Problem details »
Include the line with "Seazyns Greeting Santa" and every line before it in the entries below, echoed exactly, but not the pictures.

[Stored data entries]
◇ ◇ ◇ ◇
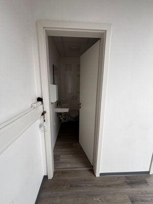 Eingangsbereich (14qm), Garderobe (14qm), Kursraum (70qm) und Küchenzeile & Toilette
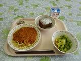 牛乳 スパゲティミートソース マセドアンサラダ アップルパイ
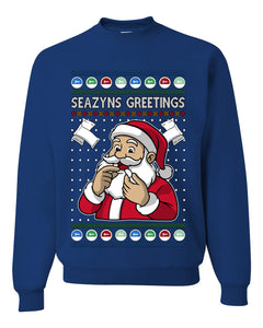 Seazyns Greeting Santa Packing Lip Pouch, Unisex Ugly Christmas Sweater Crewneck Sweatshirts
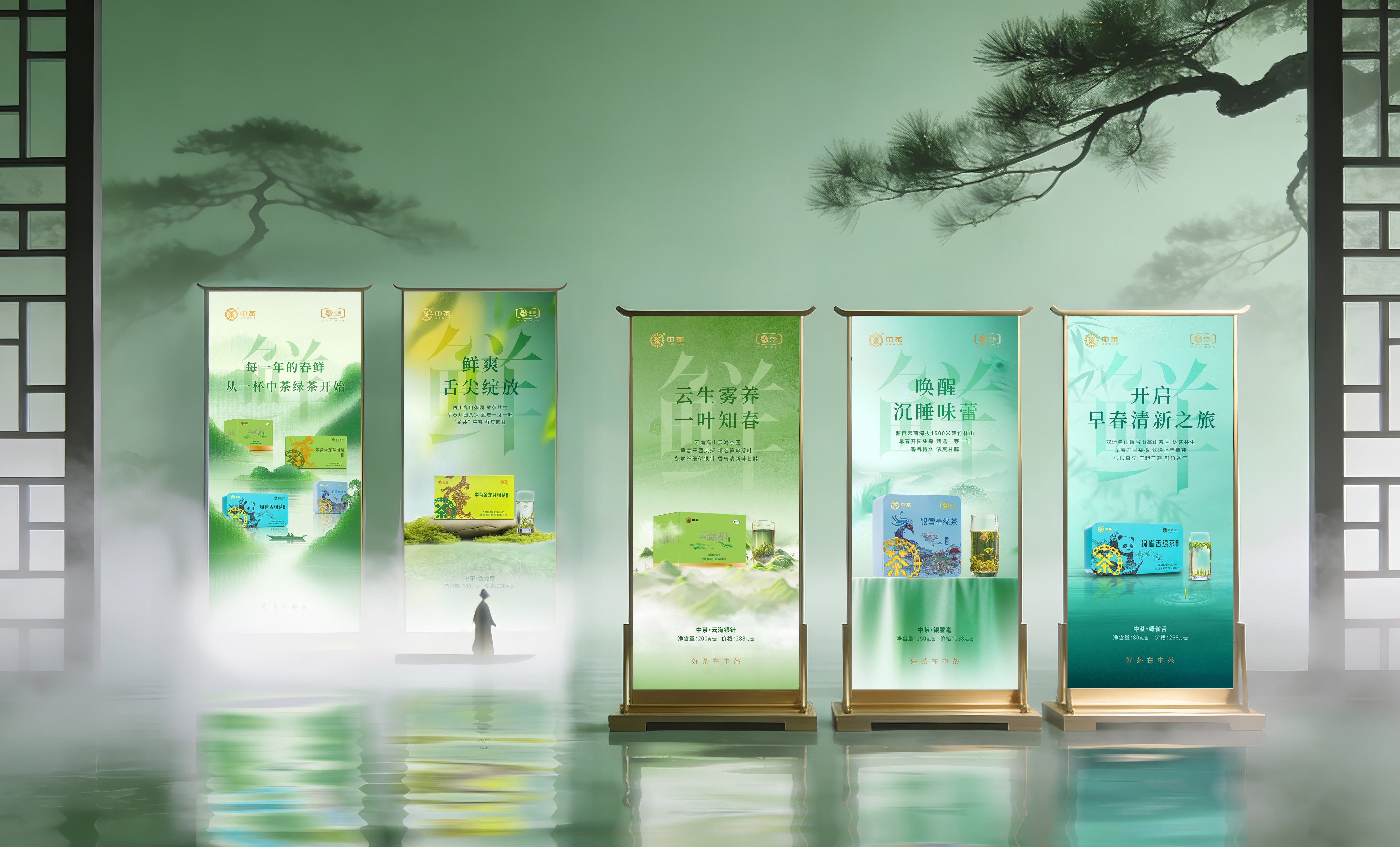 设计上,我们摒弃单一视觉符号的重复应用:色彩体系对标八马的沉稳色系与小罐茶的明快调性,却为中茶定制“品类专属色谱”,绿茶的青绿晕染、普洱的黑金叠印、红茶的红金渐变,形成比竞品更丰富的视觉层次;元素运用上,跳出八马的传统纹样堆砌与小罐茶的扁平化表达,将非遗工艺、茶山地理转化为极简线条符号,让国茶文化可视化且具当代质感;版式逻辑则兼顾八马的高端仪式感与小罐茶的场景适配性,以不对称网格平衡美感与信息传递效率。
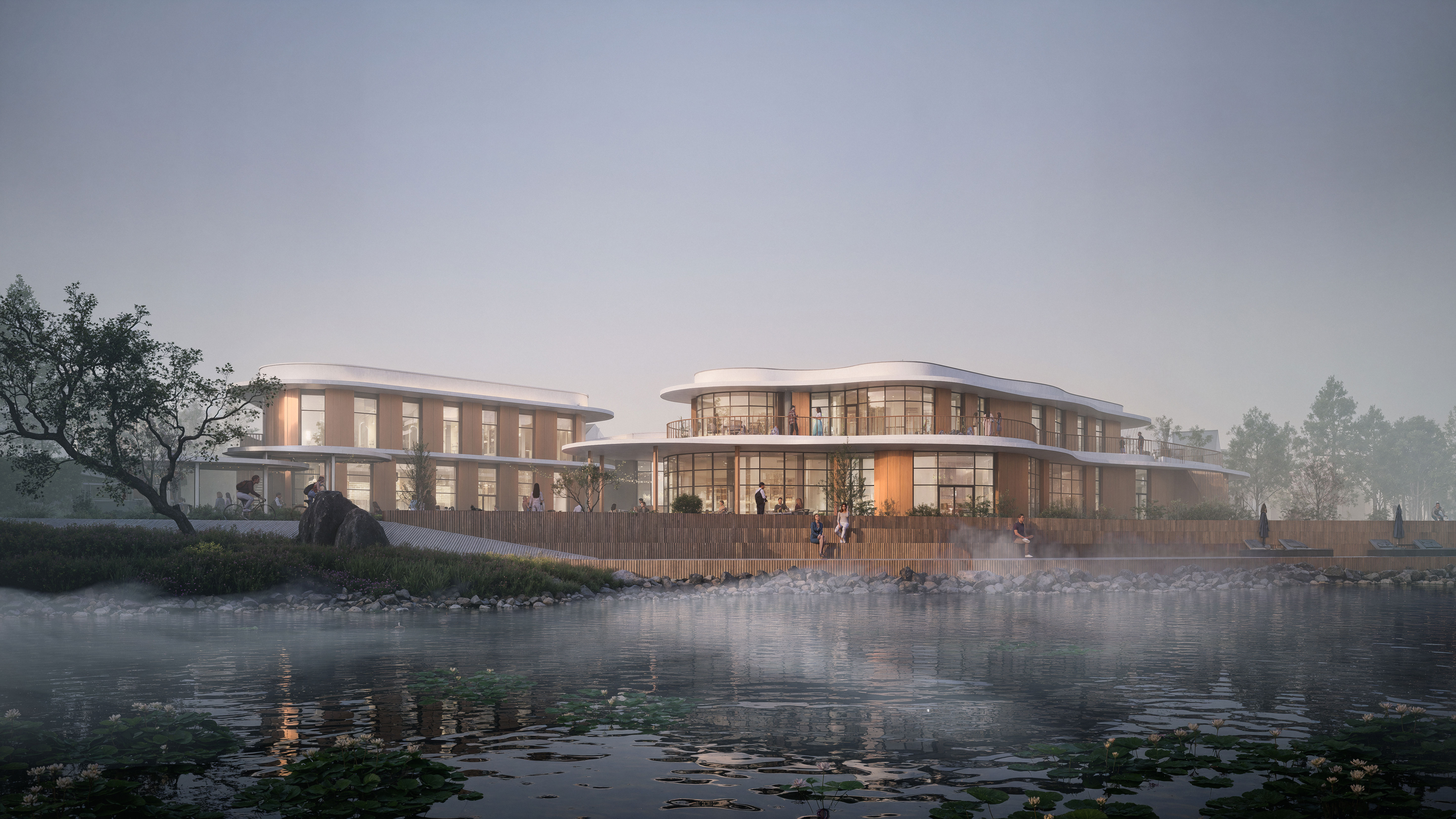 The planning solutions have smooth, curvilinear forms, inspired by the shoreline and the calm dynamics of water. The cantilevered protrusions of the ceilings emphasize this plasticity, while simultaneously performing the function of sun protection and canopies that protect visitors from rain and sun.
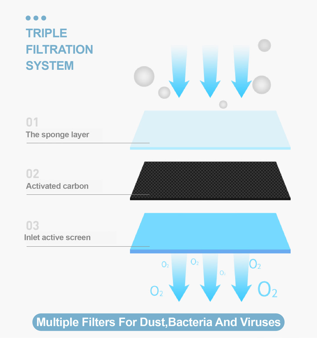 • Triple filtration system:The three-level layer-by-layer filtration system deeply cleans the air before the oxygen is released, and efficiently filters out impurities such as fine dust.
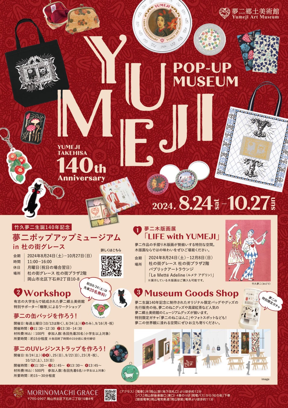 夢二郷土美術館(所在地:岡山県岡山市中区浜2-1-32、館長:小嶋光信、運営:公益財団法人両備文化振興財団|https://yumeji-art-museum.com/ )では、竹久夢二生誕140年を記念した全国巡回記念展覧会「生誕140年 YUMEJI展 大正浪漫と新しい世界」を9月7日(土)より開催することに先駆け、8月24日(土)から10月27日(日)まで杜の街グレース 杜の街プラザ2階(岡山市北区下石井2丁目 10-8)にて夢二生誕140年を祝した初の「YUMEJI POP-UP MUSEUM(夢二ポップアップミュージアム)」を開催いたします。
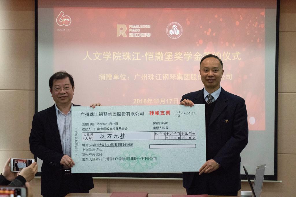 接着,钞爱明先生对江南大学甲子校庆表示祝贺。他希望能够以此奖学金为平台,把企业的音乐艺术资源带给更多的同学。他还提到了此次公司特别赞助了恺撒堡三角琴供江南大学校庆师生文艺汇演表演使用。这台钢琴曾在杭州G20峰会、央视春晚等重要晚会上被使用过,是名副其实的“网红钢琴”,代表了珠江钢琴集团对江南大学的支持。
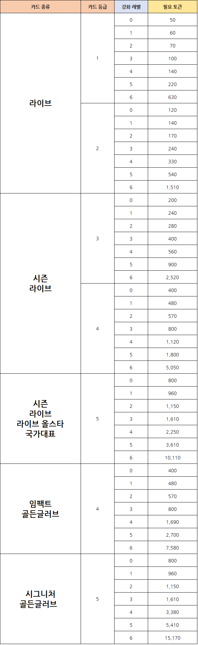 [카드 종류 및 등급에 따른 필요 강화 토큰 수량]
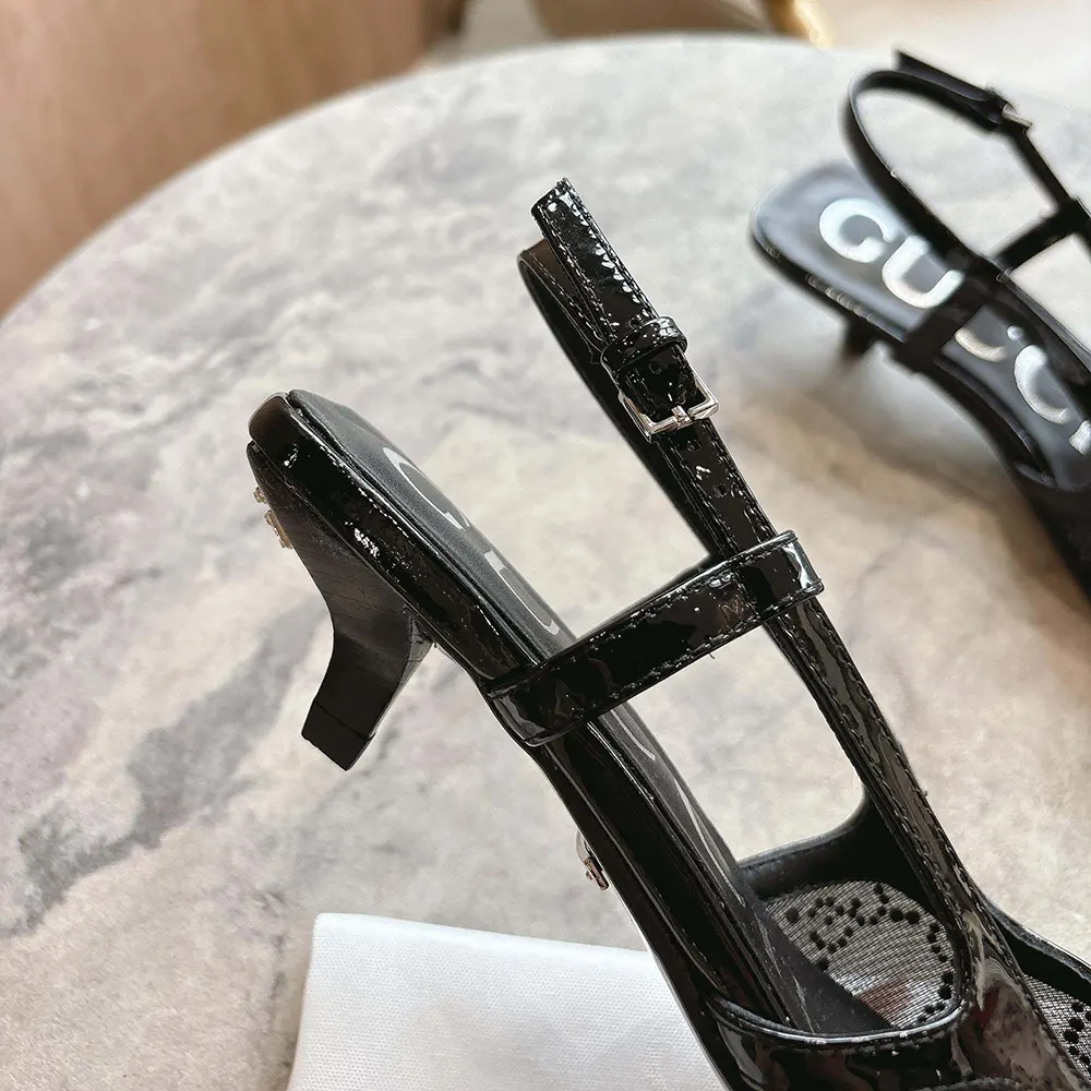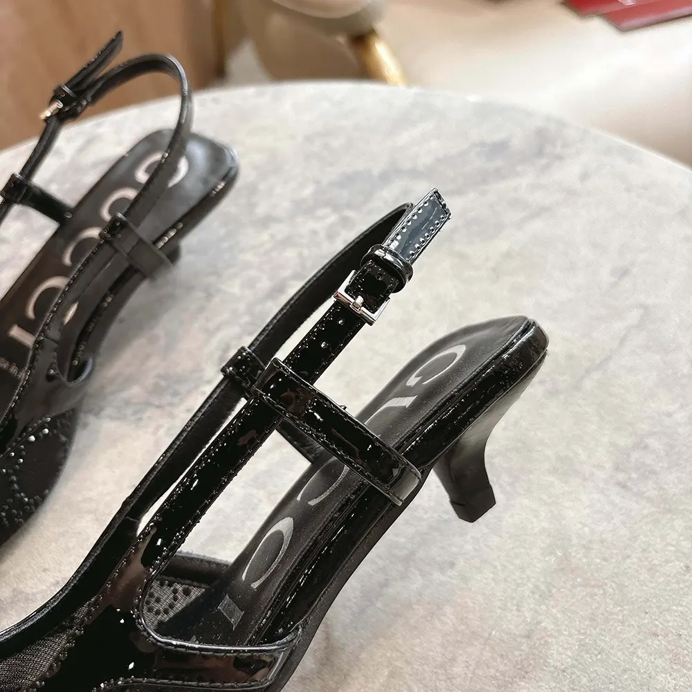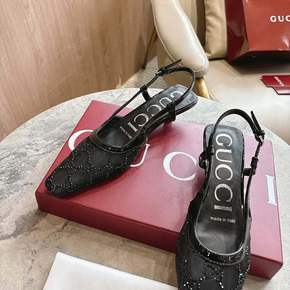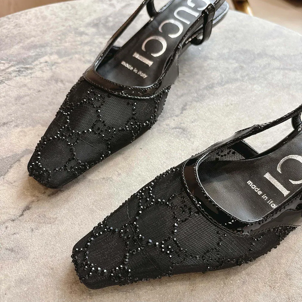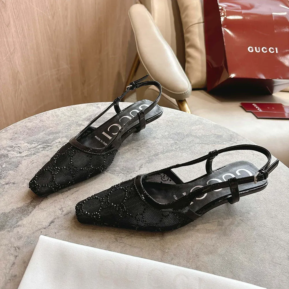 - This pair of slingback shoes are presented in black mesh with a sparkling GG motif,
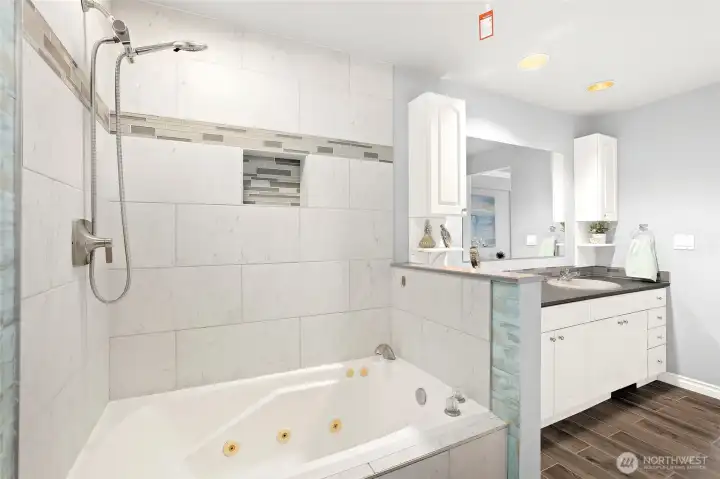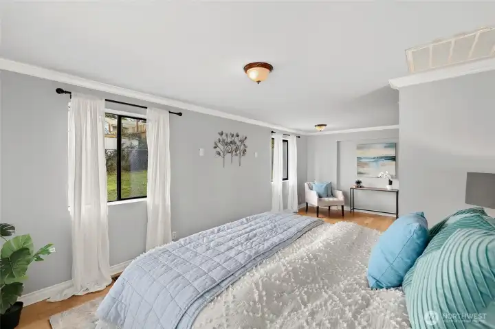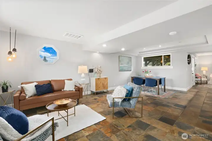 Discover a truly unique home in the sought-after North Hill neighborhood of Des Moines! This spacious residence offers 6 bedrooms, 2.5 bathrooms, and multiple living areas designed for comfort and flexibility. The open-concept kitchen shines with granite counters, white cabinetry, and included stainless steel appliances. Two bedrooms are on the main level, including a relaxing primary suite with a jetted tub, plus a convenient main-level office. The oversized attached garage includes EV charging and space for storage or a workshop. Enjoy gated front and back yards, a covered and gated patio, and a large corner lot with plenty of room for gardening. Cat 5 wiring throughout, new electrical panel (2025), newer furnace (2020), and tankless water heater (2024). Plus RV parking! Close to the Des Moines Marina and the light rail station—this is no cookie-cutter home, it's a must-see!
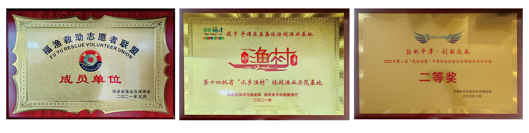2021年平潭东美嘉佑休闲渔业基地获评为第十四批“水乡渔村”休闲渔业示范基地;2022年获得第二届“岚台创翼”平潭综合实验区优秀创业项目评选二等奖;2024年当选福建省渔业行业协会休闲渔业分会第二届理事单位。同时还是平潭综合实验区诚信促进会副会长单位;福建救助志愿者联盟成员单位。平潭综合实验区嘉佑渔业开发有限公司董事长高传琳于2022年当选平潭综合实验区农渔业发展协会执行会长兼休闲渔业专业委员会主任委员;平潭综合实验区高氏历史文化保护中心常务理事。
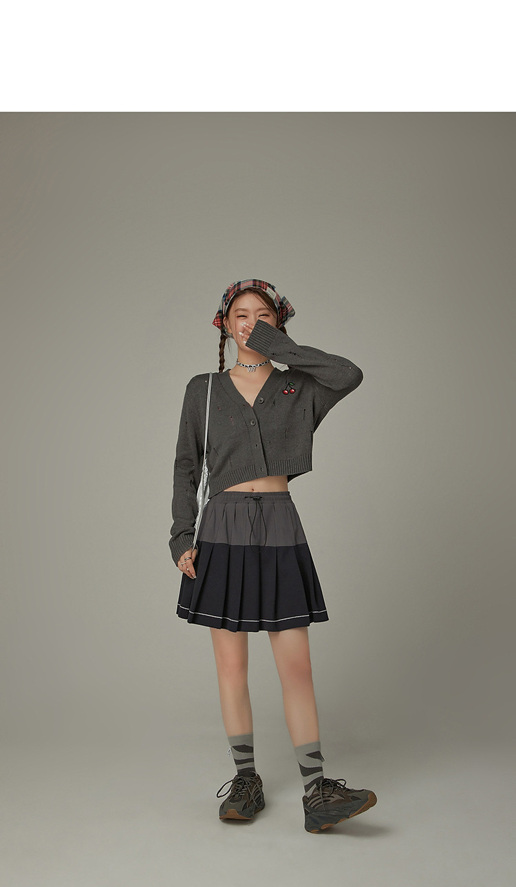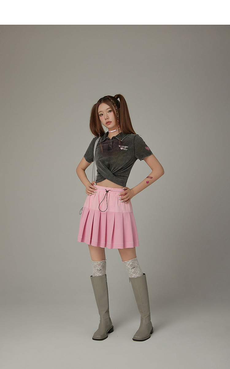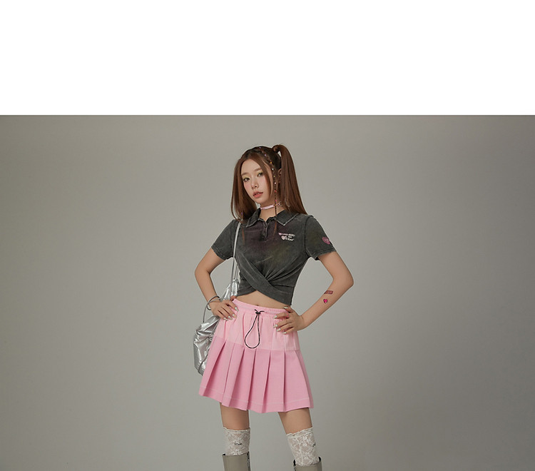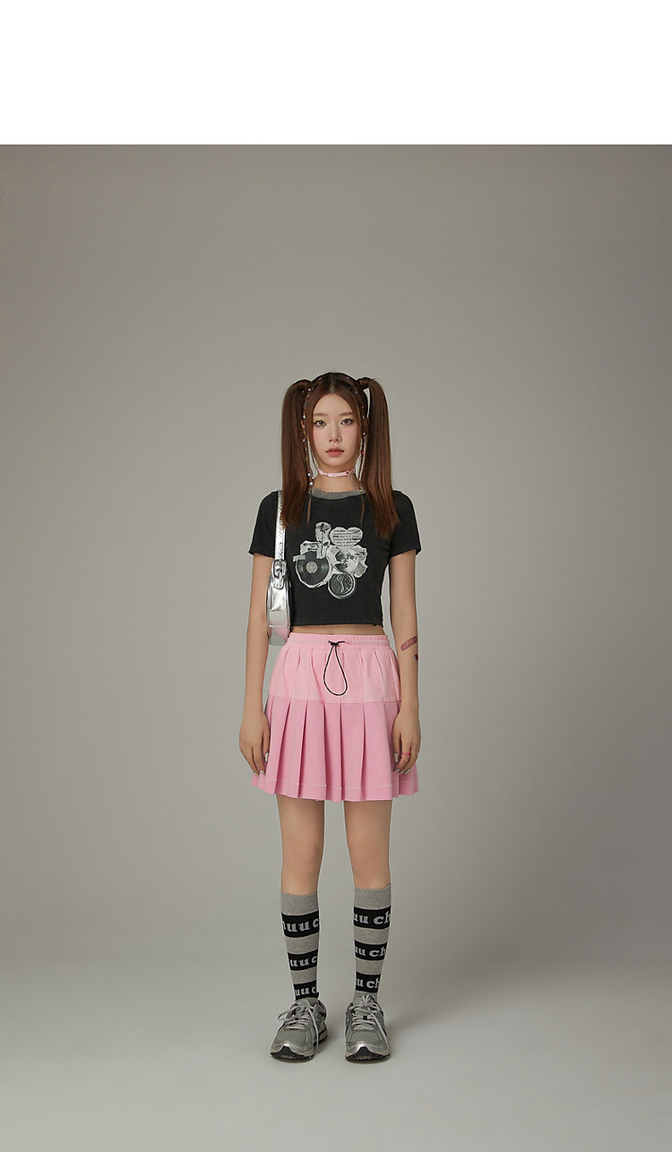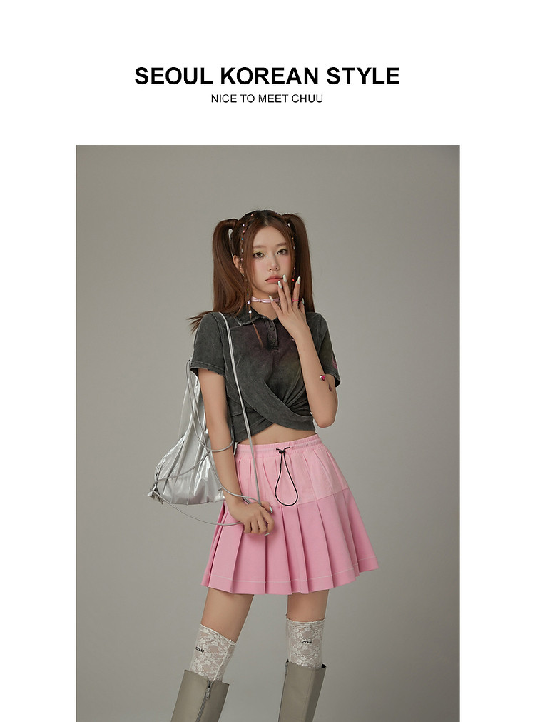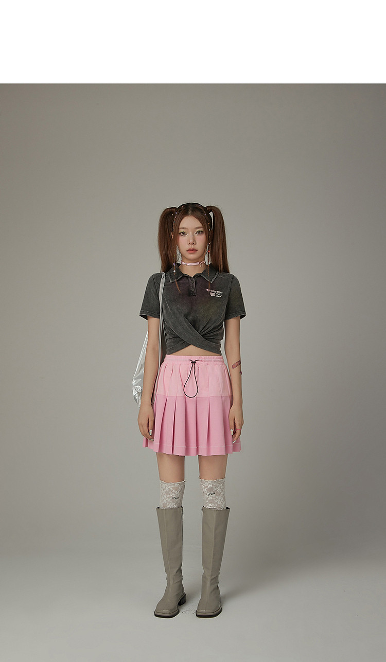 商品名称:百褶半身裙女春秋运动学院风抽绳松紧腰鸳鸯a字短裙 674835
◇ ◇ ◇ ◇
Answer section »
 Eingangsbereich (14qm), Garderobe (14qm), Kursraum (70qm) und Küchenzeile & Toilette
 牛乳 スパゲティミートソース マセドアンサラダ アップルパイ
 Seazyns Greeting Santa Packing Lip Pouch, Unisex Ugly Christmas Sweater Crewneck Sweatshirts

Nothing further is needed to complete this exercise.